▶ **Directions for this task**
What you should give back is a precise copy of the lines below from the one containing "A masterpiece of" through the one containing "خمیر دندان ضد", with no pictures.

▶ **Supplied material**
-*-

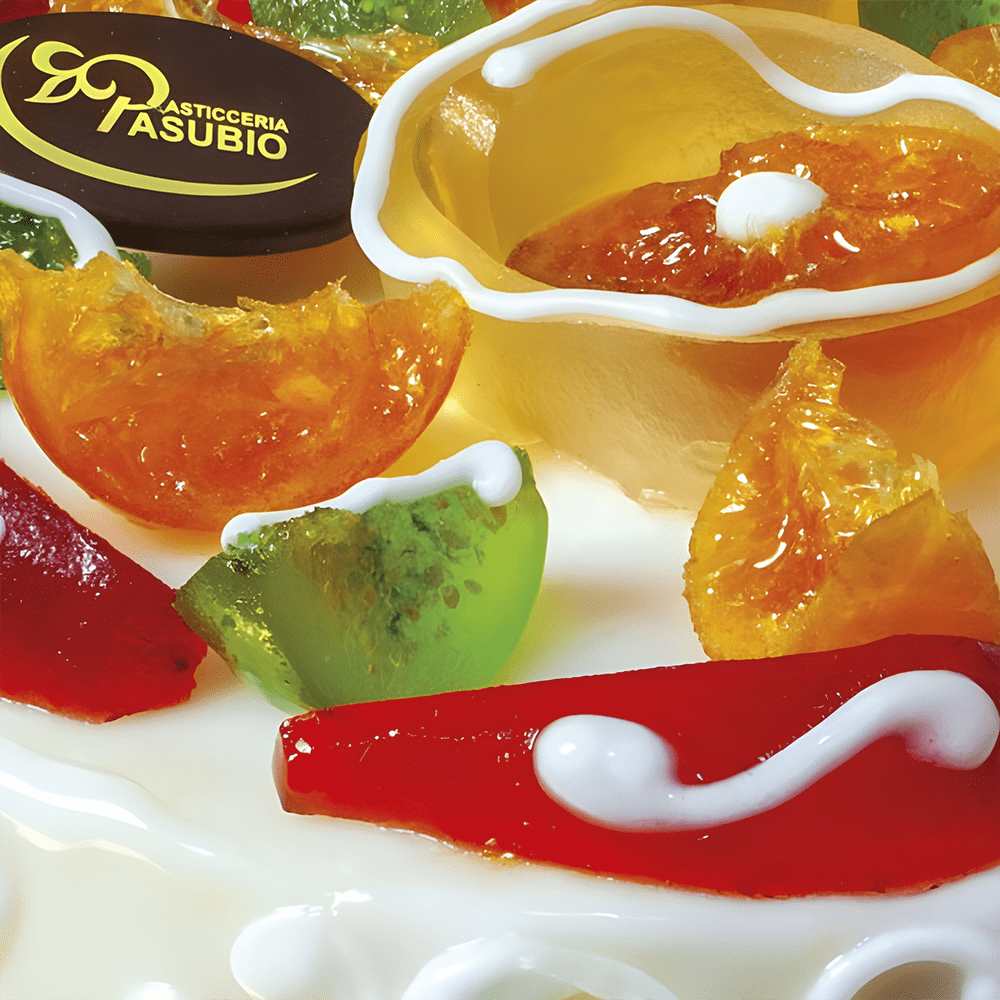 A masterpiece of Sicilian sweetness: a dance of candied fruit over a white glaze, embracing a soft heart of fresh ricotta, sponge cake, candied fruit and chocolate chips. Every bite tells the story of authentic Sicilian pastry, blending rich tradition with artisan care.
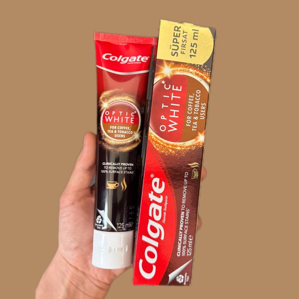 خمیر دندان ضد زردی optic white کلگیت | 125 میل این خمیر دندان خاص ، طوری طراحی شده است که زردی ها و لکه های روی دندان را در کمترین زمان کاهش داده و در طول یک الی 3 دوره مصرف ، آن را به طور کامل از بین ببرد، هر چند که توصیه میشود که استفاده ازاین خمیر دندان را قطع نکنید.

-*-

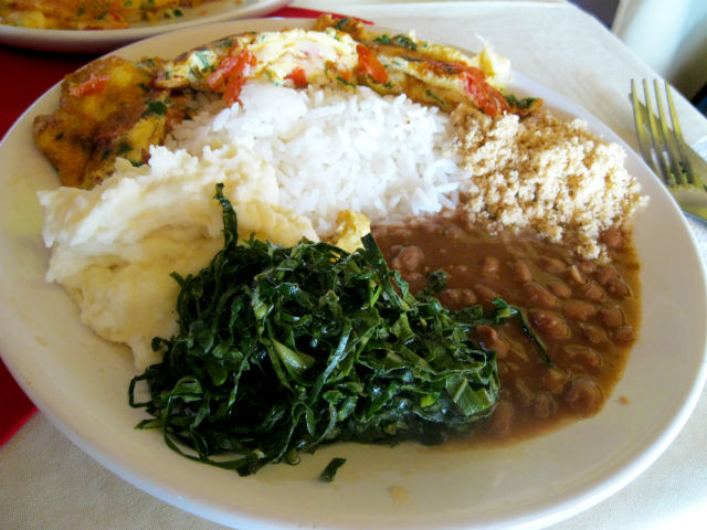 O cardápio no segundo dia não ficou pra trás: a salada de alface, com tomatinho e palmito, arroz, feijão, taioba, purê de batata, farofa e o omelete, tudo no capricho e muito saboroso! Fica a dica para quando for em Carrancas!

-*-

▶ **Answer box**
 A masterpiece of Sicilian sweetness: a dance of candied fruit over a white glaze, embracing a soft heart of fresh ricotta, sponge cake, candied fruit and chocolate chips. Every bite tells the story of authentic Sicilian pastry, blending rich tradition with artisan care.
 خمیر دندان ضد زردی optic white کلگیت | 125 میل این خمیر دندان خاص ، طوری طراحی شده است که زردی ها و لکه های روی دندان را در کمترین زمان کاهش داده و در طول یک الی 3 دوره مصرف ، آن را به طور کامل از بین ببرد، هر چند که توصیه میشود که استفاده ازاین خمیر دندان را قطع نکنید.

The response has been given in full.